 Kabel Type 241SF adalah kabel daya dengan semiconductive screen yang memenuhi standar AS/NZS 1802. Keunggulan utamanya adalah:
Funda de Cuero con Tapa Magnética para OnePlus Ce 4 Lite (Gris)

==

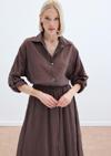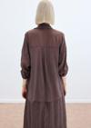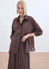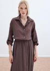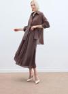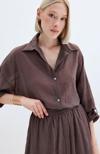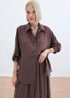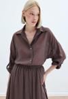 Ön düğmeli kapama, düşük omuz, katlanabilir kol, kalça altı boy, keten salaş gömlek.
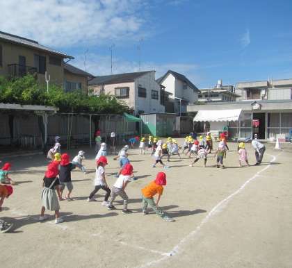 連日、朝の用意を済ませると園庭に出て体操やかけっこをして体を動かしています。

EXERCISE: Only the lines above from the one containing "Ön düğmeli kapama, düşük" through the one containing "連日、朝の用意を済ませると園庭に出て体操やかけっこをして体を動かしています。" should be returned, verbatim and inclusive, with pictures excluded.

WRITTEN ANSWER:
 Ön düğmeli kapama, düşük omuz, katlanabilir kol, kalça altı boy, keten salaş gömlek.
 連日、朝の用意を済ませると園庭に出て体操やかけっこをして体を動かしています。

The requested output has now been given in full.